Mito 4: os evangelhos apócrifos são uma fonte mais confiável sobre a figura histórica de Jesus do que os que foram incluídos na Bíblia
Outro mito que vai ao chão com relativa facilidade. Hoje, quase todos os historiadores concordam que é preciso ler com muito cuidado os Evangelhos canônicos — Mateus, Marcos, Lucas e João — se a ideia é buscar informações historicamente confiáveis, porque o interesse dos evangelistas era fazer teologia, e não história no sentido moderno. Mas, e esse é um grande mas, a maioria dos historiadores também concorda que, se esses textos têm problemas do ponto de vista histórico, os evangelhos apócrifos, ou seja, não incluídos na Bíblia, são ainda mais problemáticos, em geral.

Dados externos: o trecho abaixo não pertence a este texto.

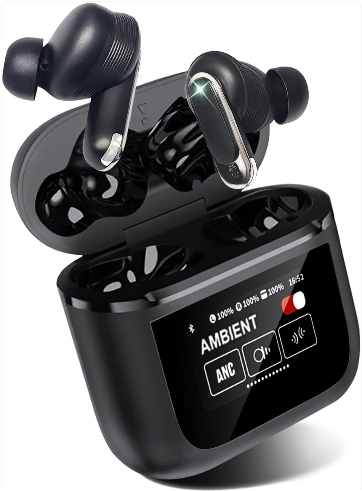
Figure 1: Generic Y12 TWS Wireless Earbuds and Charging Case. The earbuds are shown resting in their open charging case, which features a digital display on the front.
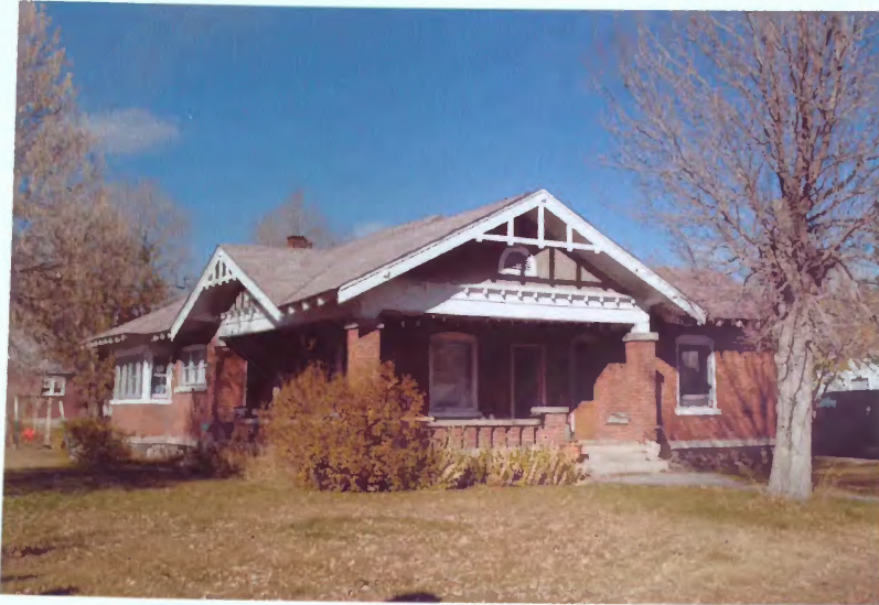
15 N. 100 West Photograph 41

Isso porque tais textos foram, em geral, escritos bem depois dos Evangelhos canônicos e estão cheios de material lendário e especulações teológicas ainda mais ousadas do que os textos presentes na Bíblia. São quase “fan-fic” — aqueles textos escritos por fãs de um livro ou de um filme usando personagens criados por outra pessoa em suas próprias histórias.

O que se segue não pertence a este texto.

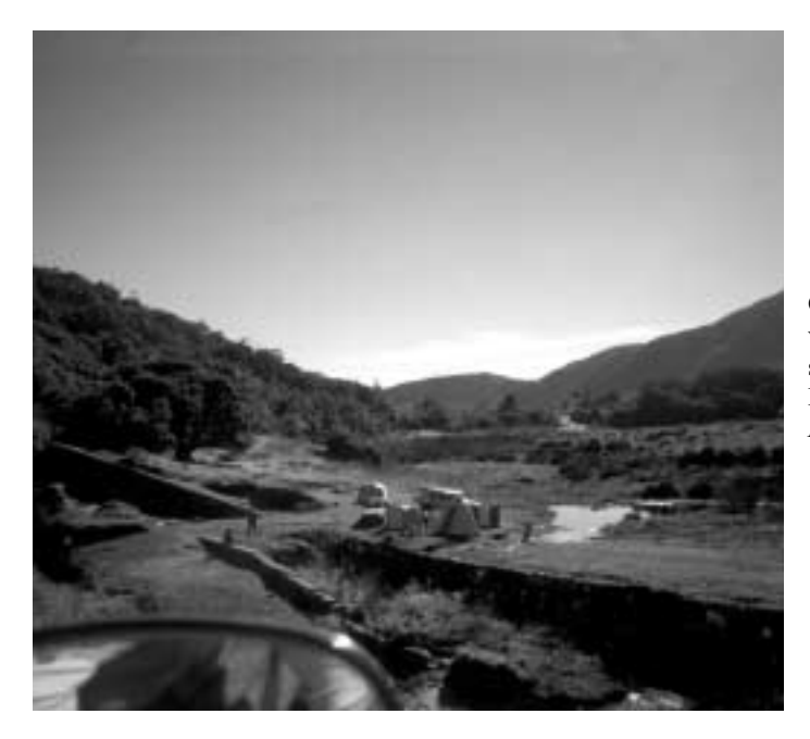
Camping sites at upper elevations need to be carefully sited and regulated, as here in Brazil's Itatiaia NP.

mountaineers and boulderers. However, these groups often have strong traditional "leave no trace" ethics, so can be engaged proactively and positively by land managers to be in effect "self-managed". In cases where such groups have formally established 'protocols', guidelines or internal regulation, it may be expedient for the management plan to simply recognise and manage to these protocols for all practitioners of the particular activity, whether members of the body or not.
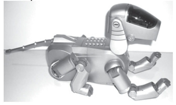
The ERS-110, Sony's original AIBO released in 1999. The ERS-110 only came in a soft silver color.

Historically, overstock and manufacturer refurbished AIBOs have shown up on sites such as unbeatable.co.uk, ecost.com, or ubid.com. Occasionally a pre-owned AIBO may show up on Amazon.com. AIBO enthusiasts are usually the first to snap up AIBOs sold
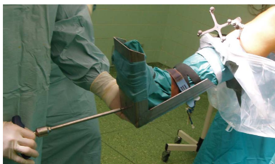
Figure 4. Iron boot attached with rollimeter used for the development of the constant torque force.

for the external rotation (ER). The value of the range of rotation in degrees shown by the navigation device was recorded. Each measurement was repeated three times by the same senior orthopaedic surgeon. Then followed ACL replacement and its fixation with interference screws. In the DB reconstruction the tonisation of the AM bundle was carried out using the dynamometer set to 85 N in 45° flexed knee joint. The PL bundle was tensioned in 10° of flexion with the same force applied. In the single-bundle replacement, the graft was tensioned also by 85 N, but in 30° flexion. After fixation of the graft, the same data as in ACL-deficient condition were collected three times from the navigation device, again with the forces of 2.5 Nm applied in 30° flexion. The same was done after the tensioning and fixation of the ALL in the graft.

Há uma possível exceção importante nesse caso, porém. Trata-se do Evangelho de Tomé, encontrado no Egito e feito quase que só de frases impactantes de Jesus, ou de parábolas contadas por ele. Alguns estudiosos importantes acreditam que Tomé preserva algumas versões das falas de Jesus que se aproximam mais do que ele teria realmente falado em vida. Mas muita gente discorda deles.
Mito 5: as Bíblias católicas e ortodoxas incluem textos apócrifos que não fazem parte do cânone “correto” do Antigo Testamento 
Esse é outro mito com nuances, como o mito 2. De fato, o que a Bíblia das igrejas protestantes inclui em seu Antigo Testamento é um conjunto de livros exclusivamente traduzidos do hebraico para as línguas modernas. São os mesmos livros incluídos pelos judeus atuais em seu Tanakh desde mais ou menos o ano 100 d.C. As Bíblias católicas e ortodoxas incluem ainda outros livros, como Judite, Sabedoria e Eclesiástico, que foram traduzidos do grego e a respeito dos quais se acreditava que tinham sido escritos originalmente em grego e/ou nunca teriam feito parte do cânone de qualquer grupo judaico.
Acontece, porém, que na época de Jesus o cânone judaico ainda estava “semiaberto”, e ao menos alguns grupos de judeus parecem, sim, ter considerado que tais livros eram canônicos. Trechos do Eclesiástico, por exemplo, foram achados entre os Manuscritos do Mar Morto, e em hebraico. A mesma coisa vale para o livro de Tobias – trechos em hebraico e aramaico também constam da “coleção” do mar Morto.
Isso significa que esses livros “devem” fazer parte do cânone? Depende. É claro que, no fundo, essa é uma discussão cultural e teológica. Mas o que claramente não funciona muito é dizer que o judaísmo nunca aceitou esses livros como parte das Escrituras — em alguns casos, essa informação parece não proceder.